Поселение Дорион-IV было обнесено оборонительной стеной толщиной от 1,60 до 3,55 м и длиной по периметру 420 м.28) Ее внешний и внутренний панцири сложены из более крупных блоков; пространство между панцирями заполнено ломаным бутовым камнем. В стене пять ворот, причем некоторые имеют хорошо продуманную систему защиты.

Наибольшая длина городища — 138,8 м, наибольшая ширина — 82,4 м. Здесь открыто 320 помещений (см. схему 2), из которых подавляющая масса (не менее 80% всех построек) была сооружена одновременно с возведением оборонительной стены. Территория города делилась на три части: 1) верхняя центральная терраса, на которой стояли постройки [40] A1 — A60,29) отделялась от других внутренней подпорной стеной, 2) длинная вереница построек в один-два ряда, тянущаяся вдоль оборонительной стены, 3) три довольно значительных открытых места, служивших, по-видимому, городскими площадями и местом, куда пригоняли скот.30)

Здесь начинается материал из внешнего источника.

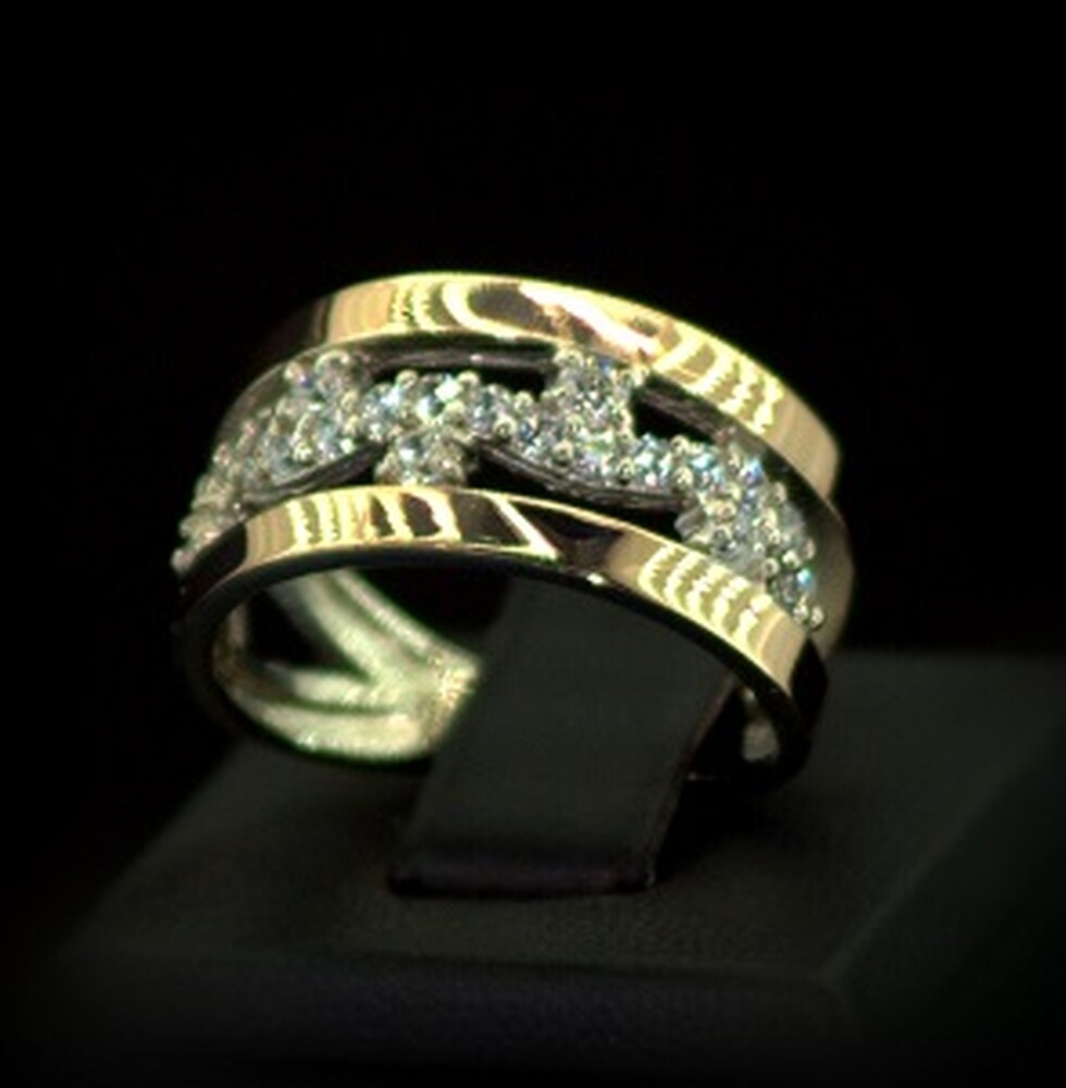 Серебряное кольцо 925 пробы с позолотой 375 пробы 4,47 г с белыми Фианитами 1,25 карат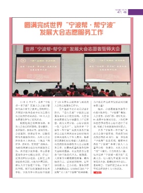 次大会设有组织联络、语言翻译、 一张“金名片”。这次世界“宁 训,明确了各志愿服务岗位职责。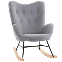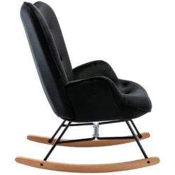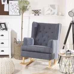 Fauteuil à Bascule Et Pieds En Bois Massif D’hévéa Bleu Velours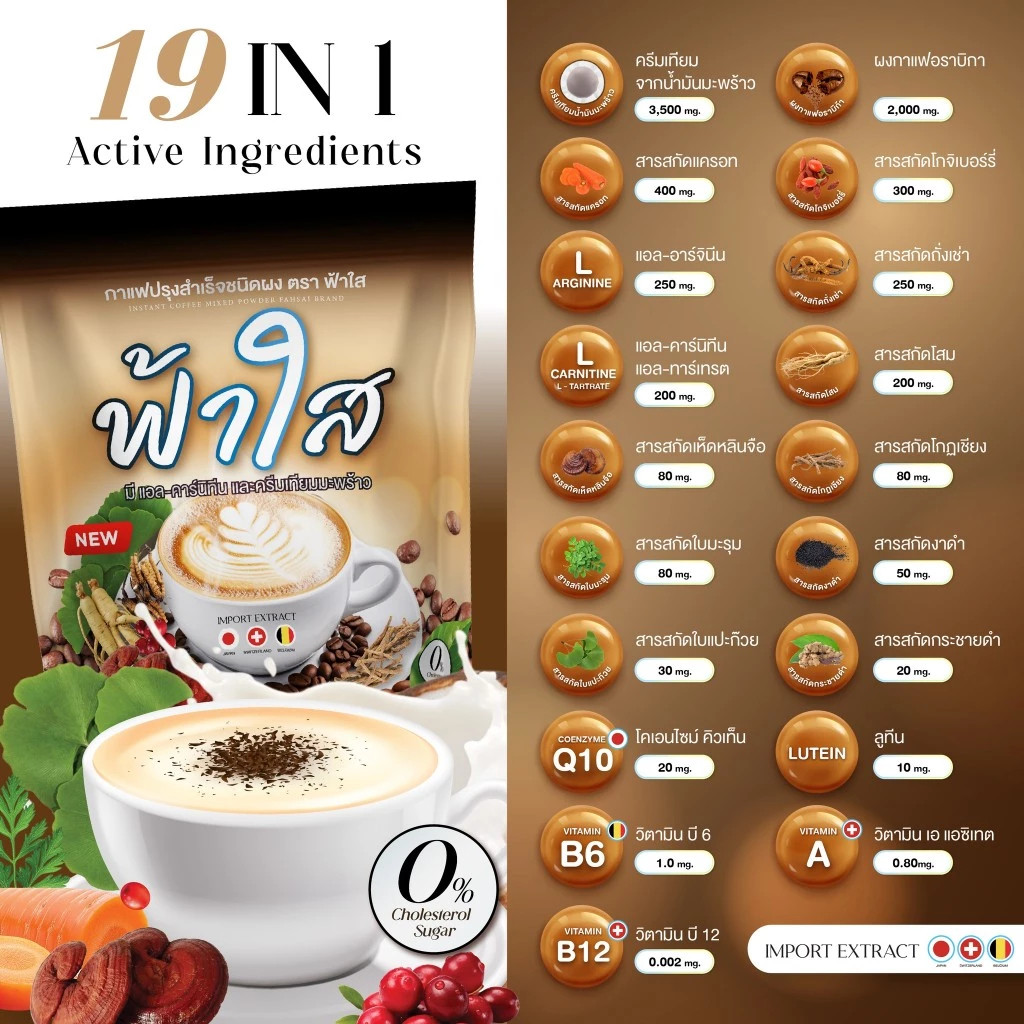 🦌{1แถม1}☕️New fahsai coffee กาแฟฟ้าใส กาแฟเพื่อสุขภาพ แคลน้อย ไหอม อร่อย ม่มีน้ำตาล 1ห่อ20ซอง

План Дориона-IV вызывает аналогии: это глиняная модель дома с о-ва Мелос с открытым внутренним двором и с идущими по периметру внешних стен круглыми помещениями. Она датируется приблизительно 2000 г. до н. э.31) И план любого из трех ахейских дворцов — Пилосского, Микенского или Тиринфского. Всюду повторяется тема открытого пространства, окруженного со всех сторон сплошной цепью помещений. Валмин считает Дорион-IV городом, в планировке которого ясно сказывается воля и желание его правителя.32) Однако нам кажется, что расположение построек Дориона-IV было определено издавна установившейся ахейской строительной традицией, одинаковой и для небольшого дома и для общинного поселка.

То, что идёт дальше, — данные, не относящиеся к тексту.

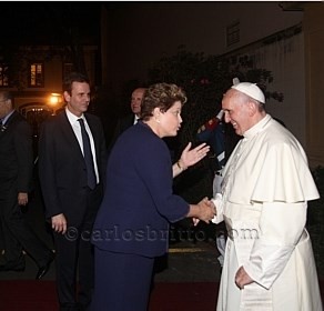 dilma e franciscoEm seu primeiro discurso no Brasil, diante da presidente Dilma Rousseff, de políticos e autoridades no Palácio Guanabara, no Rio, o Papa Francisco cobrou educação e meios materiais para que os jovens possam se desenvolver, e deixou claro que sua viagem ganhará forte caráter político. Antes mesmo de desembarcar, ainda no avião que o levou ao Brasil, o papa fez um ataque direto às receitas dos governos para lidar com a crise internacional. E alertou para o risco de se criar uma geração perdida diante da incapacidade de os jovens encontrarem trabalho.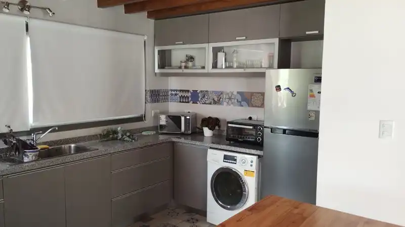 Casa de 3 habitaciones, 2 baños, cocina comedor integrada (amplia), patio, parrilla, techo cubierto para 2 vehículos. Wi-Fi, TV, Aire Acondicionado.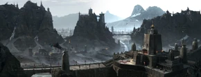 In the final draft script of "Judgment", an overview of an area on Narendra III shown in that installment was described as "A large city on this Klingon outpost, with familiar Klingon-style architecture. In the center of town, a GRAND TRIBUNAL BUILDING which proudly displays the three-pointed Klingon symbol." [3]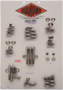 Customize a bike without having to completely disassemble it, Kit adds detail and a custom look with ease, Groups of polished stainless steel fasteners covering many visible areas of the motorcycle, Front fender mount and trim, rear saddlebag supports, floorboards, engine guard, triple tree pinch, fork tube covers, axle cap, Wiring harness tab on frame neck, mirrors, kickstand, shifter arm, levers & linkage, brake pedal, Rear master cylinder, mount, cover & brake line bracket, crankcase (visible bolts only), starter, Made in the U.S.A.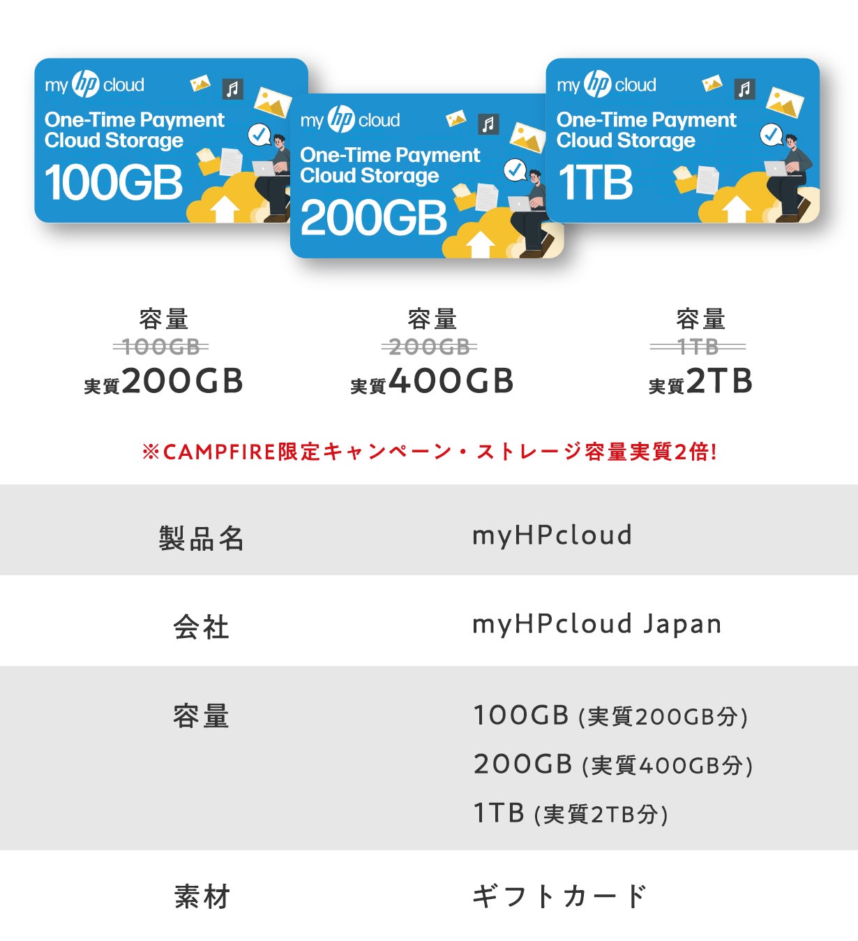 CAMPFIREでのクラウドファンディングを記念して、ストレージ容量実質倍増キャンペーンを実施します。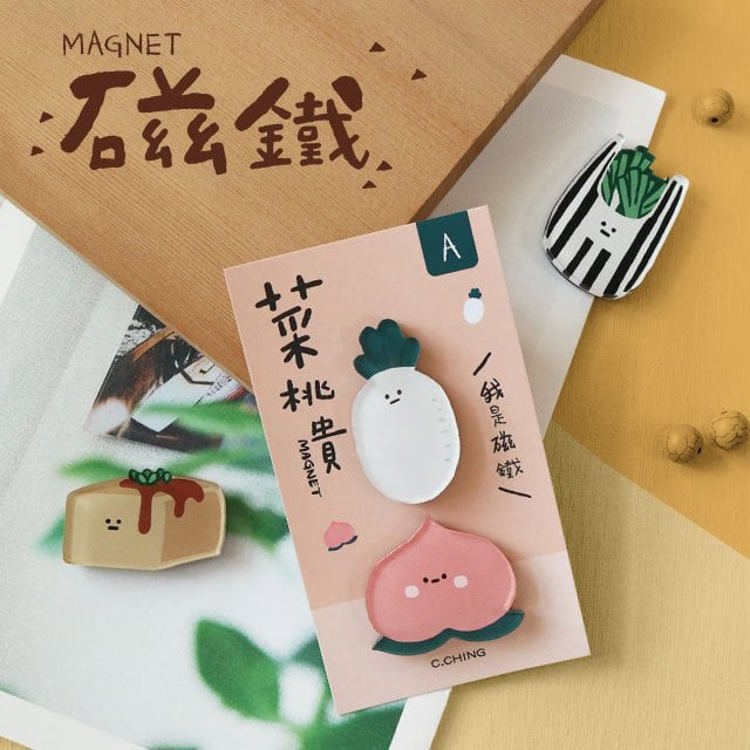1.青青 簡單生活系列 CGC-338 小呸角創意磁鐵2入 (A.菜頭43x24x5、桃子37x32x5mm/B.鮭魚卵飯糰36x33x5、飯糰君36x29x5mm C.炸蝦42x24x5、臭豆腐39x25x5mm/D.大蒜37x35x5、裝蒜君40x29x5mm)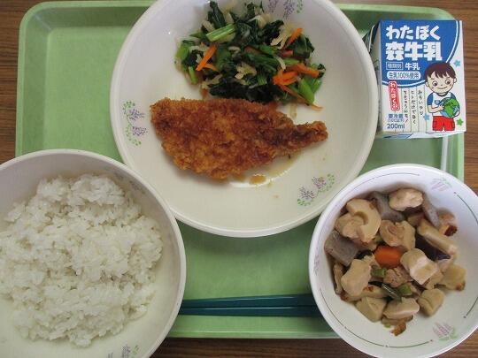 ごはん、牛乳、あじフライ、おひたし、磯煮でした。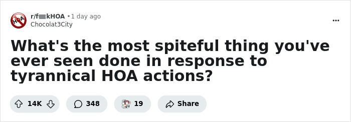 I read of a fam who was mad the HOA would not approve their preferred color of house paint. Apparently there were 5 or 6 approved colors. Period. So they painted the house striped in all the approved colors.

На верхней террасе Дориона-IV, рядом с более крупным домом, видимо жилищем главы общины, расположены мастерские, составляющие целый ремесленный квартал. Примыкающие к оборонительной стене постройки — довольно скромные жилые дома, склады и простые навесы. В системе тесного и экономного расположения всех этих подстепных зданий чувствуется специальный расчет, тщательный учет затрачиваемых усилий и средств. Особенно интересны западные пристенные амбары,33) состоящие из 15-20 весьма сходных помещений, солидные стены которых (толщина большинства — 0,60 м) сложены из хорошо подобранных или обработанных камней. В каждой кладовой стояли большие пифосы, накрытые каменными крышками, — важная предосторожность для защиты хранимого зерна от грызунов. Доступ в центральную верхнюю террасу городища, отделенную от более низкой территории подпорной стеной, шел через ворота или проходы, которых было пять. Здесь в южной самой высокой части холма находился комплекс объединенных единым планом пяти помещений,34) составлявших дом, площадь которого в свету была около 130 кв. м. В самой большой его комнате А1 открыт монументальный очаг, сложенный из двух массивных плоских каменных плит, по краям которых идет невысокая каменная обкладка. Валмин полагает, что это культовый очаг, а вся комната была чем-то вроде святилища. Как можно заметить, в более поздней ахейской жилой архитектуре обширная комната с большим очагом была обязательным элементом и крупных дворцовых сооружений, и более мелких домов. Поэтому комнату А1 (см. схему 2) следует, как нам кажется, рассматривать как главное жилое и вместе с тем культовое помещение, соответствующее залу с очагом в позднейших ахейских дворцах.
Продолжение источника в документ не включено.